Work required |
Pictures aside, the output must consist of the lines from the one containing "紫禁城建造技艺高超,内在考究" through the end of the data, reproduced exactly.

Entries provided |
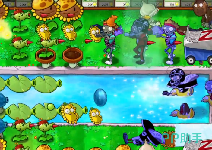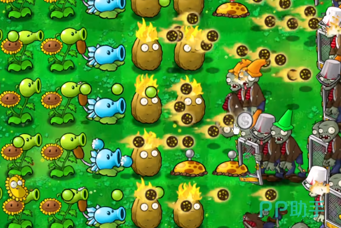 但是在这个游戏里,两者就会融合到一起,不管是黑夜模式还是白天模式,玩家都可以直接种植蘑菇向日葵产出阳光,不止向日葵,游戏里的其他植物也都融合了两种及以上的不同形态,最常见的就是坚果墙和原有的火焰树桩进行了融合,在这种状况下,坚果强依旧可以抵挡僵尸的进攻,同时火焰也可以持续不断的给僵尸带来灼烧的作用。
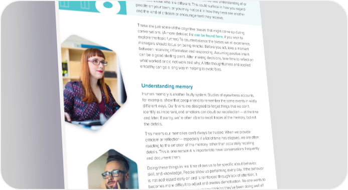 WHAT TO SAY AND HOW TO SAY IT A昀漀nity bias – The a昀漀nity bias causes people to gravitate toward others who appear to be like them. This means we have a preference for those we are most like or who are most like us, and can be less understanding of or fair toward those who are di昀昀erent. This could surface in how you regard people on your team, or you may notice it in how they treat one another 8 and the kind of criticism or encouragement they receive. These are just some of the cognitive biases that might come up during conversations. (A more detailed list can be found here, if you wish to explore the topic further.) To counterbalance the biases we all experience, managers should focus on being mindful. Before you act, take a moment between receiving information and responding. Assuming positive intent can be a good starting point. After making decisions, take time to re昀氀ect on what worked or did not work and why. A little thoughtfulness and applied empathy can go a long way in helping to avoid bias. Understanding memory Human memory is another faulty system. Studies of eyewitness accounts, for example, show that people tend to remember the same events in wildly di昀昀erent ways. Our brains are designed to forget things that we don’t identify as important, and emotions can cloud our recollection — at the time and later. If we try, we’re often able to recall traces of the memory, but not the details. This means our memories can’t always be trusted. When we provide criticism or re昀氀ection— especially if a lot of time has elapsed, we are often reacting to the emotion of the memory rather than accurately recalling details. This is one reason it is important to have conversations frequently and document them. Doing these things in real time allows us to be speci昀椀c about behavior, skill, and knowledge. People show up performing every day. If the behavior is not addressed early on and is reinforced through lack of attention, it becomes more di昀漀cult to adjust and creates demotivation. No one wants to go into an annual performance review thinking they’ve been doing well all year, only to 昀椀nd out they have not. When evaluating, coaching, providing feedback, or recognizing your employees, frequency matters. Real-time conversations matter. THE MANAGER’S ULTIMATE GUIDE TO GREAT CONVERSATIONS 19
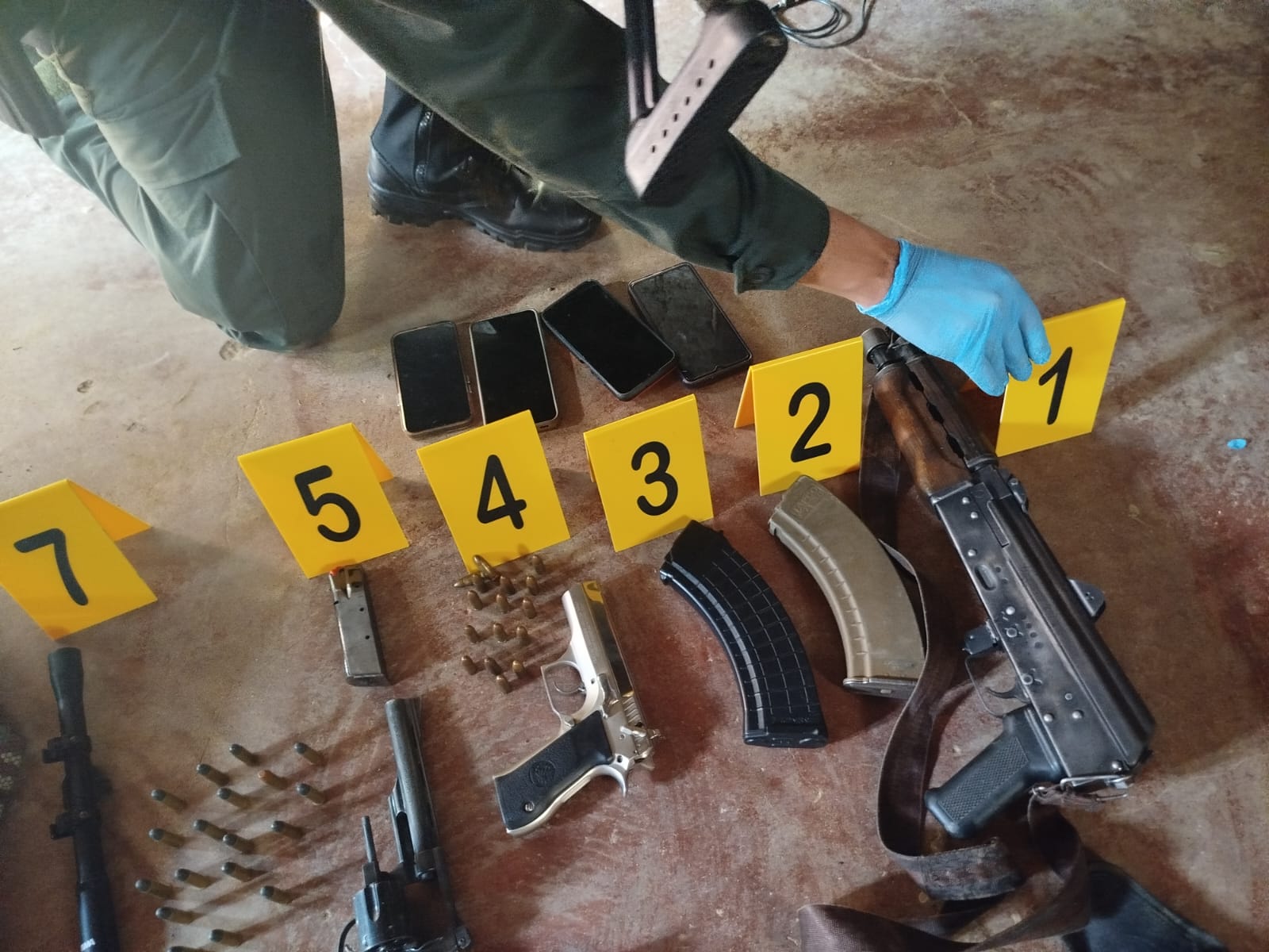 En el procedimiento fueron incautados 75 cartuchos 7.62, 18 cartuchos 38 milímetro, 40 cartuchos 9 milímetros, 01 Subfusil MDL PAP M92PV calibre 7.62 x 39MM Zastava Serbia, una pistola, un revólver, tres proveedores, un chaleco multipropósito pixelado, una escopeta y cuatro teléfonos celulares. Elementos que se encontraban en la modalidad de caleta en el techo de la vivienda y dentro de colchones para no ser hallados por la Policía.
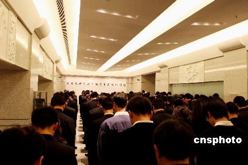 當地時間5月19日凌晨2時28分,中國駐紐約總領館全體工作人員為在四川地震中遇難的同胞默哀三分鐘,表達沉痛哀悼之情。中新社發 譚宏偉 攝
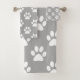 Gray and white paw prints bath towel set
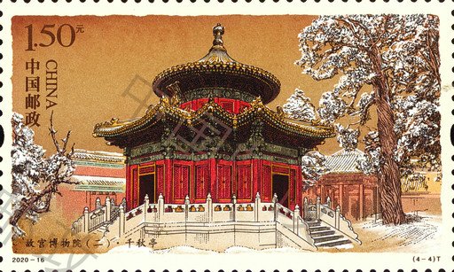紫禁城建造技艺高超,内在考究精妙,外在磅礴大气,代表着当时最高的建造水平。中央轴线上分布着三大殿(太和殿、中和殿以及保和殿)和后三宫(乾清宫、交泰殿以及坤宁宫),左右两条次轴线上分别分布着慈寿宫、宁寿宫等宫殿。出于防御需要,宫殿建筑外围筑有宫墙,四周分布有角楼,外有护城河环绕。故宫平面示意图首次登上邮票,细腻、完整地呈现了故宫恢弘的建筑布局。
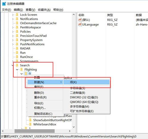 hkey_current_user\software\microsoft\windows\currentversion\search\flighting\0
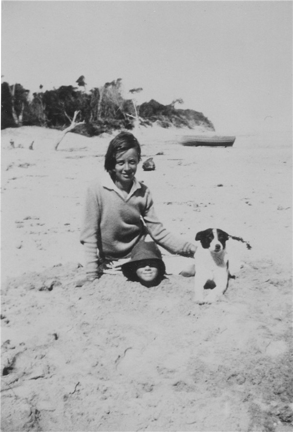 Merricks, no date. On Merricks Beach: Lois and Norma.
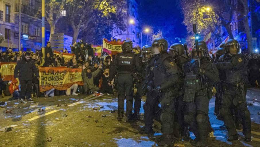 Demonstranti u Madridu su pod državnim zastavama Španije uzvikivali uvrede na račun vršioca dužnosti premijera Pedra Sančeza, a neki ga nazivali "izdajnikom" i "nacistom". Demonstranti su gurali barijere koje je postavila policija s opremom za nerede, a ona odgovorila gumenim mecima i pendrecima.
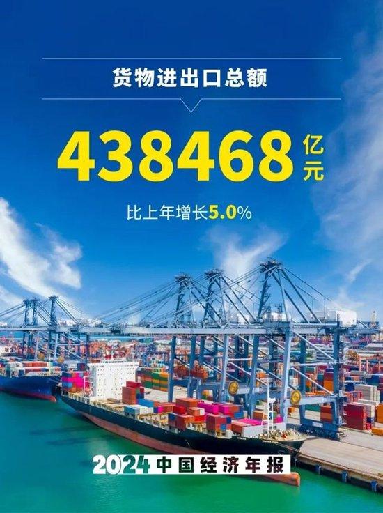 7、貨物進出口總額438468億元,比上年增長5.0%。

Solution to this problem |
紫禁城建造技艺高超,内在考究精妙,外在磅礴大气,代表着当时最高的建造水平。中央轴线上分布着三大殿(太和殿、中和殿以及保和殿)和后三宫(乾清宫、交泰殿以及坤宁宫),左右两条次轴线上分别分布着慈寿宫、宁寿宫等宫殿。出于防御需要,宫殿建筑外围筑有宫墙,四周分布有角楼,外有护城河环绕。故宫平面示意图首次登上邮票,细腻、完整地呈现了故宫恢弘的建筑布局。
 hkey_current_user\software\microsoft\windows\currentversion\search\flighting\0
 Merricks, no date. On Merricks Beach: Lois and Norma.
 Demonstranti u Madridu su pod državnim zastavama Španije uzvikivali uvrede na račun vršioca dužnosti premijera Pedra Sančeza, a neki ga nazivali "izdajnikom" i "nacistom". Demonstranti su gurali barijere koje je postavila policija s opremom za nerede, a ona odgovorila gumenim mecima i pendrecima.
 7、貨物進出口總額438468億元,比上年增長5.0%。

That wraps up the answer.